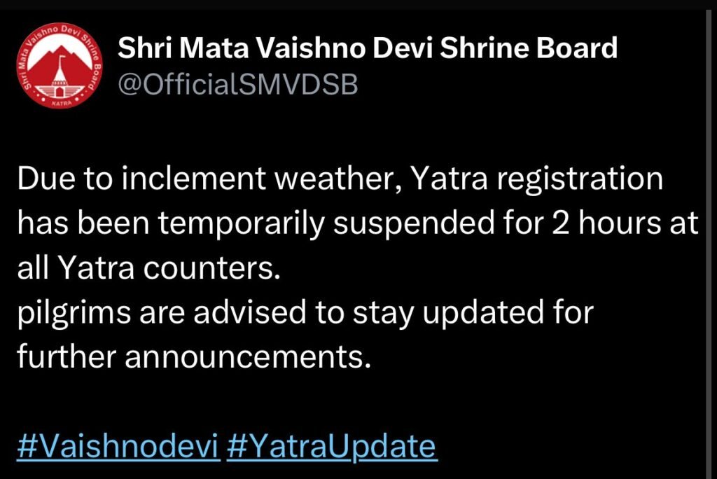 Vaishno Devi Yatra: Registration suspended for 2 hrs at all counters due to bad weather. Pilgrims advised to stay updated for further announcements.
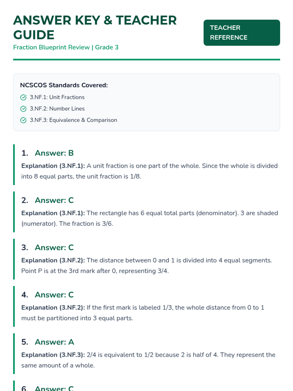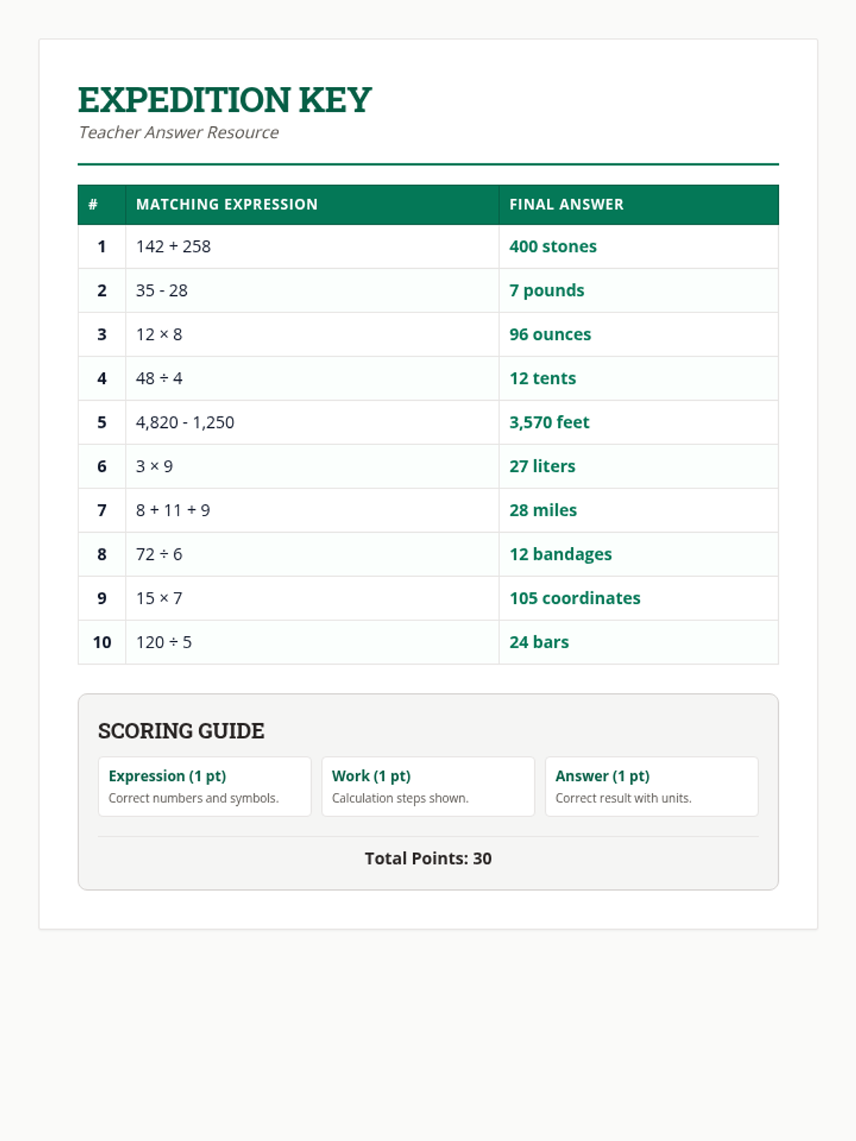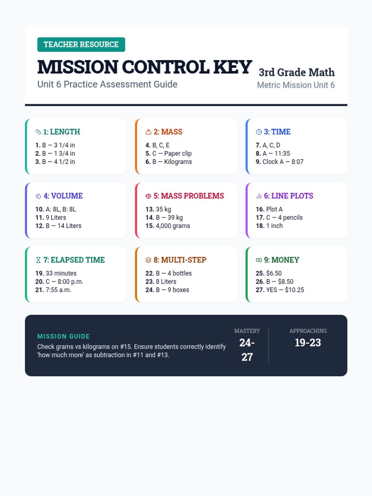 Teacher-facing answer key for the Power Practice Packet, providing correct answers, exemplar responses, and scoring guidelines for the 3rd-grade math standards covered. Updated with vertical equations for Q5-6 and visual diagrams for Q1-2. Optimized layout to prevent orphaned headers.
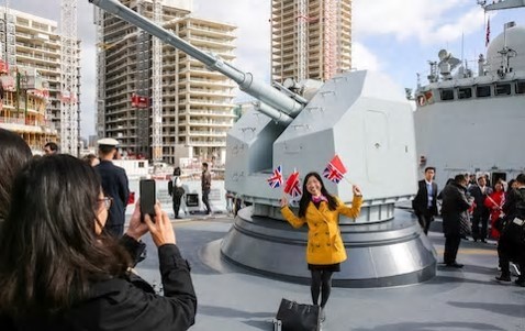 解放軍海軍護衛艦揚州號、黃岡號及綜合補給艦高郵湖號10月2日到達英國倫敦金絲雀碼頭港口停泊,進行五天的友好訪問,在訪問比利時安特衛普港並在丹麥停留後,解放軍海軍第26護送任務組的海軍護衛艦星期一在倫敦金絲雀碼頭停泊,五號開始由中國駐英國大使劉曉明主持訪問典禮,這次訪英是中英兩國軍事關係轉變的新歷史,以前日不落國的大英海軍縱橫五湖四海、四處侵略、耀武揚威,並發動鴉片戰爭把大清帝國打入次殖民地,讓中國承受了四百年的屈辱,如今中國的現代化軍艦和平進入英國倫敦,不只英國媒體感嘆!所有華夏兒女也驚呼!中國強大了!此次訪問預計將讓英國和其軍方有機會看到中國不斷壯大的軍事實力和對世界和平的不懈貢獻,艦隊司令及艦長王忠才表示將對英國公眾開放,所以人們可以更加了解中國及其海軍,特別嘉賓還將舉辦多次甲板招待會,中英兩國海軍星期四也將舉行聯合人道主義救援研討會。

_WORK TASK_.
Word for word, write out the whole listing, keeping none of the pictures.

_SOLUTION TO THIS TASK_.
 Vaishno Devi Yatra: Registration suspended for 2 hrs at all counters due to bad weather. Pilgrims advised to stay updated for further announcements.
 Teacher-facing answer key for the Power Practice Packet, providing correct answers, exemplar responses, and scoring guidelines for the 3rd-grade math standards covered. Updated with vertical equations for Q5-6 and visual diagrams for Q1-2. Optimized layout to prevent orphaned headers.
 解放軍海軍護衛艦揚州號、黃岡號及綜合補給艦高郵湖號10月2日到達英國倫敦金絲雀碼頭港口停泊,進行五天的友好訪問,在訪問比利時安特衛普港並在丹麥停留後,解放軍海軍第26護送任務組的海軍護衛艦星期一在倫敦金絲雀碼頭停泊,五號開始由中國駐英國大使劉曉明主持訪問典禮,這次訪英是中英兩國軍事關係轉變的新歷史,以前日不落國的大英海軍縱橫五湖四海、四處侵略、耀武揚威,並發動鴉片戰爭把大清帝國打入次殖民地,讓中國承受了四百年的屈辱,如今中國的現代化軍艦和平進入英國倫敦,不只英國媒體感嘆!所有華夏兒女也驚呼!中國強大了!此次訪問預計將讓英國和其軍方有機會看到中國不斷壯大的軍事實力和對世界和平的不懈貢獻,艦隊司令及艦長王忠才表示將對英國公眾開放,所以人們可以更加了解中國及其海軍,特別嘉賓還將舉辦多次甲板招待會,中英兩國海軍星期四也將舉行聯合人道主義救援研討會。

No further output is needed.